Je repris le travail la semaine suivante après que l’on m’ait retiré mes points de suture. J’avais promis à mon Cuple de faire attention alors je commençai par des petits boulots qui ne me demandèrent pas trop d’effort comme m’occuper de babysitter Chris, ma petite rousse préférée. Je m’amusais toujours beaucoup avec elle, nous détruisions les meubles de chez elle et peignions les murs de mille couleurs différentes étant donné que ses parents se fichaient des dégâts. Après quelques jours qui se passèrent à merveille, je recommençai à prendre des boulots plus physique tel que faire de la pole dance ou la prostitution. Ce jour-là, je voyais une cliente que je n’avais jamais croisée auparavant. Quand j’arrivai chez elle, elle me guida dans une petite cabane dans son jardin dans laquelle se trouvaient un grand lit, une table de nuit et un fauteuil jaune. Elle m’ordonna d’enlever mes chaussures et de m’asseoir au bord du lit, ce que je fis, puis elle vint s’installer sur mes genoux. Elle me caressa les épaules avant de déclarer :
- Tu ne te souviens vraiment pas de moi, hein ?
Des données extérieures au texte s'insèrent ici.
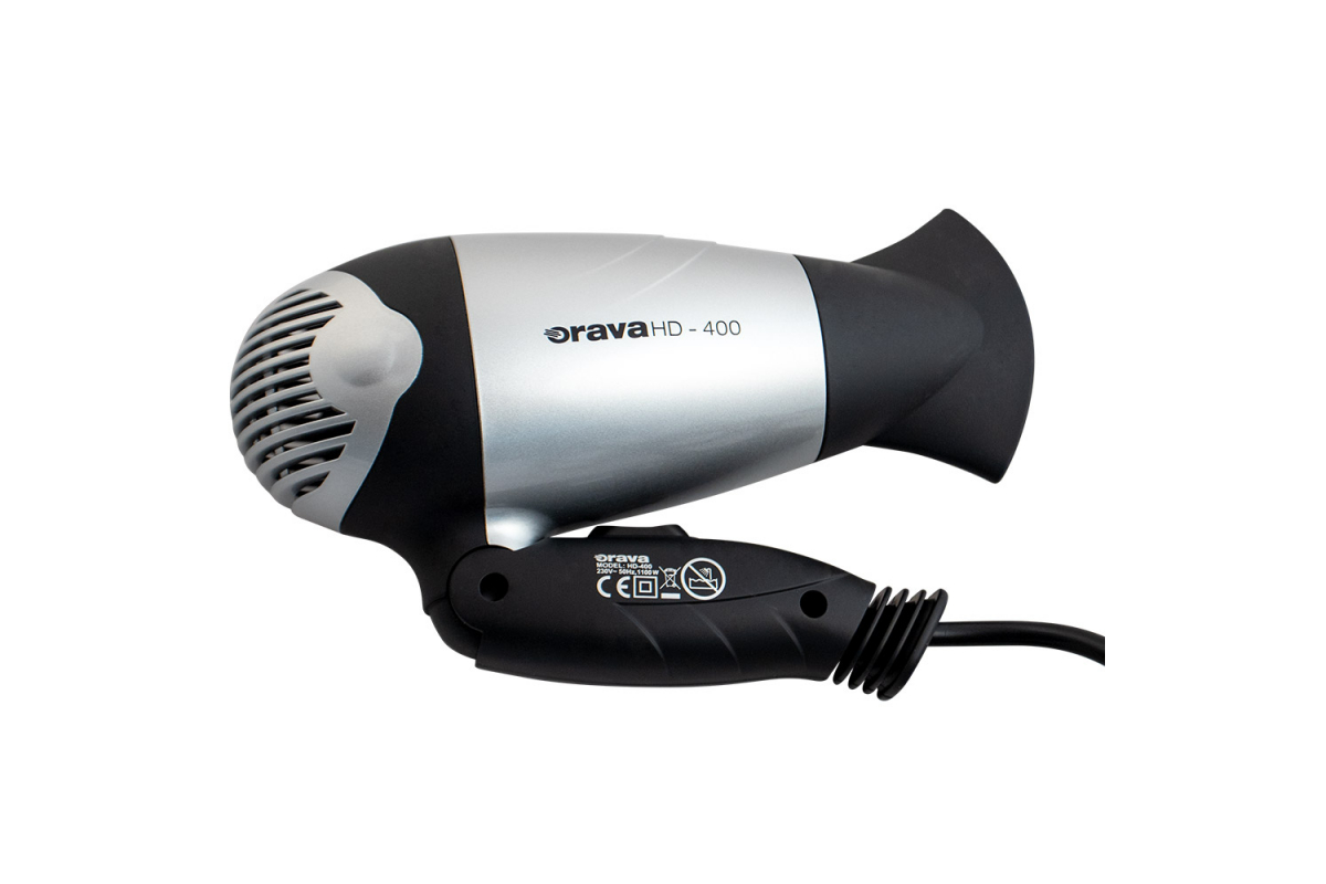 For any trip, pack a small but handy Orava HD-400 with a foldable handle. The hair dryer can be set to 2 power levels and its grid is made of ceramic material for even heat concentration and protection against hair damage during drying.
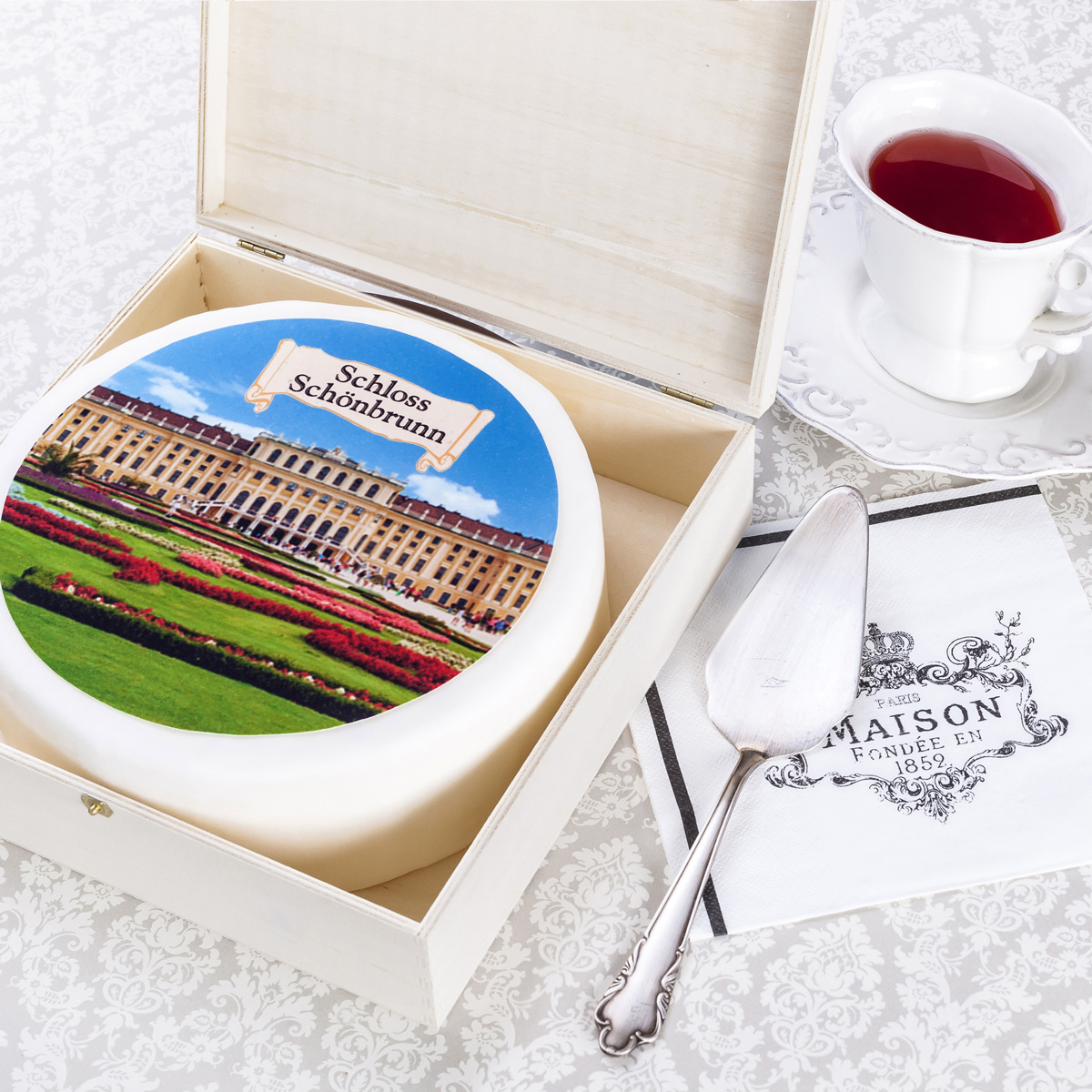 Die Sachertorte wird in einer Holzkassette verpackt und kann daher versendet werden. Der Versand erfolgt in einem weißen, neutralen Überkarton.

- Je devrais ? répondit-je, troublé.
- Clara ? On était dans le même lycée.
Je me souvenais bien d’une Clara aussi blonde qu’elle ; elle m’avait un jour accosté parce que j’avais la cote auprès des autres lycéens queers en me réclamant de sortir avec elle comme elle était également populaire et j’avais refusé ses avances. Je l’avais trouvée trop froide et trop imbue de sa personne mais je le gardai pour moi. Je tentai de lui faire la conversation en lui demandant ce qu’elle était devenue mais elle ria :
- Tu te souviens à peine de moi et pourtant je n’oublierai jamais la façon dont tu m’as humiliée.
Maintenant elle me prenait juste la tête. Je lui avais refusé quelque chose qu’elle convoitait alors ça faisait de moi un grand méchant ? Il serait temps qu’elle apprenne que l’on n’a pas toujours ce que l’on veut dans la vie. L’argent ne peut pas tout acheter. J’essayai néanmoins de rester souriant et apaisé quand je sentis quelque chose s’enrouler autour de ma cheville gauche. Je tentai de l’attraper mais Clara qui se tenait toujours sur mes genoux m’empêcha d’atteindre mon pied.
- Aujourd’hui, je vais te rendre la pareille, souria-t-elle.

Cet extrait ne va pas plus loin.